ATLANTA (AP) _ Government scientists say they’re worried that clove cigarettes may cause severe respiratory illness, but an industry group labeled as ″misconceptions and speculations″ suggestions that the increasingly popular smokes are dangerous.

″There is enough information that we are very concerned clove cigarettes may cause acute illness in some people,″ said Dr. Sue Binder, a researcher with the Centers for Disease Control.

However, there is no conclusive proof at the present time that clove cigarettes are more dangerous than plain cigarettes, Ms. Binder cautioned.

The CDC said it has received reports of 12 people with severe respiratory illness ″possibly associated″ with smoking clove cigarettes, which contain the fragrant spice in addition to tobacco.

Symptoms included coughing up blood, spasmodic lung contractions and fluid in the lungs, sometimes within hours after smoking the cigarettes, the CDC said. Milder symptoms include nausea, angina, respiratory infections and chronic cough.

A newly formed industry group quickly responded to the CDC report.

″Today’s report ... clearly reinforces our position that there is no verifiable evidence to directly link the smoking of clove cigarettes with any acute respiratory complications,″ the Specialty Tobacco Council said Thursday in a statement.

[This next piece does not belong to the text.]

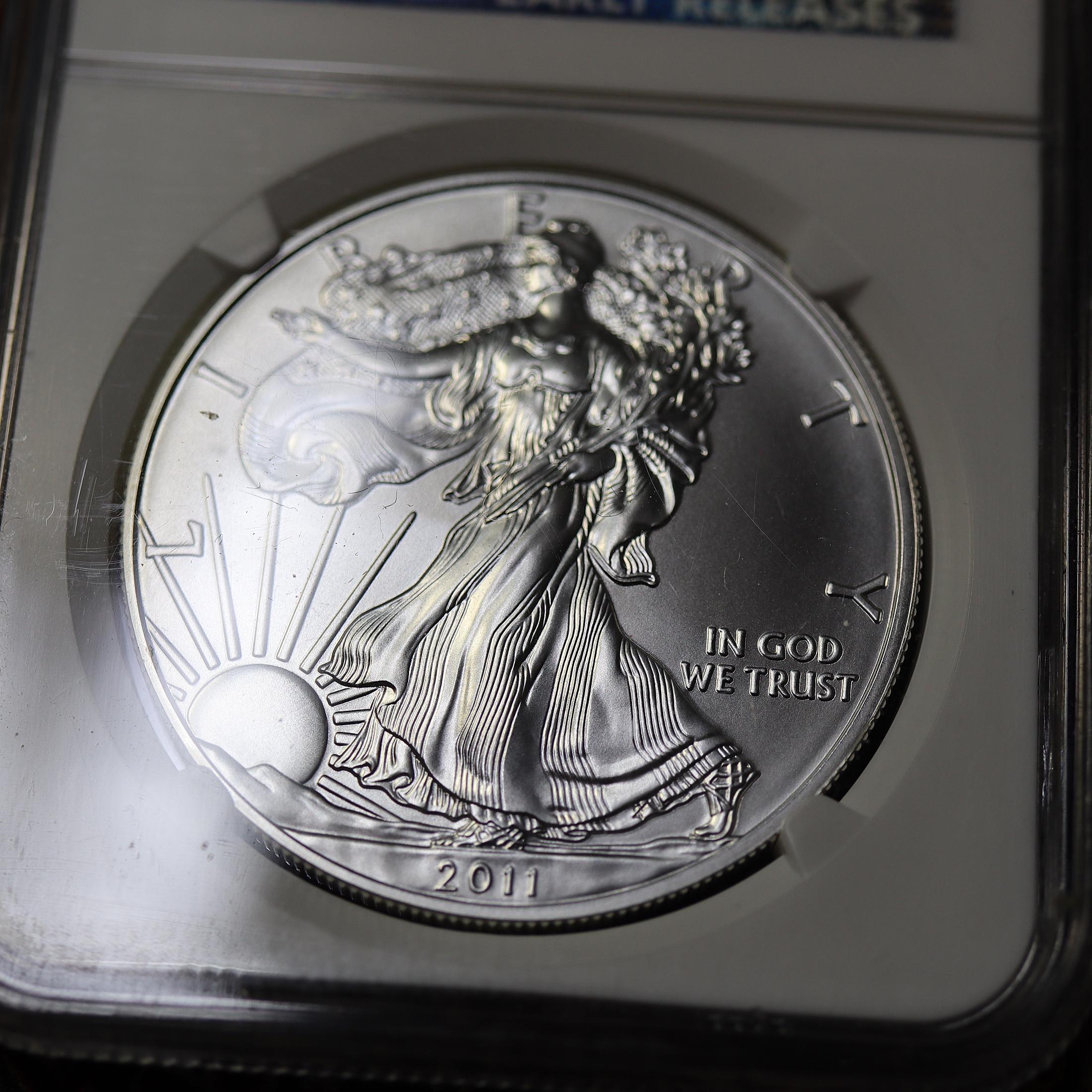 The 2011 S American Silver Eagle $1 Coin is a highly sought-after coin for collectors due to its stunning design and pristine condition, certified by NGC as MS 70 W EARLY RELEASES. With the certification from NGC, collectors can be assured of the coin's authenticity and quality, making it a prized possession for any numismatist. Note any scratching seen is on the outside case from lighting, the coin is perfect. This is one released with no "S" mint mark.

″There is no scientific or medical proof to support the widely reported and still unsubstantiated misconceptions and speculations that clove cigarettes are the cause″ of reported illnesses, the council said.

Eugenol, the major active ingredient in cloves, has been used as a dental anesthetic for years, but there is not yet sufficient evidence to determine what health effects may be associated with it, Ms. Binder said.

The CDC report cited two cases of California men who came down with serious respiratory illnesses the day after smoking clove cigarettes. ″If eugenol is a direct irritant, yes, you would expect to see the effects pretty quickly,″ the CDC researcher said.

Both men had smoked clove cigarettes before, leading scientists to speculate that some effects may build up until smokers become ″more sensitive,″ she added.

″It’s hard to say since we know so little,″ she said. ″This is all postulation.″

But at best, smokers of clove cigarettes, which are more than 60 percent tobacco, are at risk of the same chronic ailments as other cigarette smokers, including lung cancer and heart disease, Ms. Binder said.

″We’re looking for any dangers greater than normal American cigarettes,″ she said. ″We’re concerned that clove cigarettes deliver more tar and nicotine... They may be smoked differently because people deeply inhale.″

There are ″real significant health effects from just tobacco,″ she added. ″Whether there are adverse health effects associated with the cloves is the question we haven’t answered.″

Clove cigarettes have been imported into the United States from Indonesia since 1968. Sales increased from 12 million in 1980 to 150 million four years later, and most purchasers are between 17 and 30 years old, the CDC said in its Morbidity and Mortality Weekly Report.

New Mexico outlawed the sale of clove cigarettes last month; lawmakers in Michigan have introduced similar legislation.

The industry group, formed this week in Los Angeles representing two Indonesian clove cigarette manufacturers and six U.S. importers, said such legislation ″deprives people of the freedom of choice″ with no scientific evidence for doing so.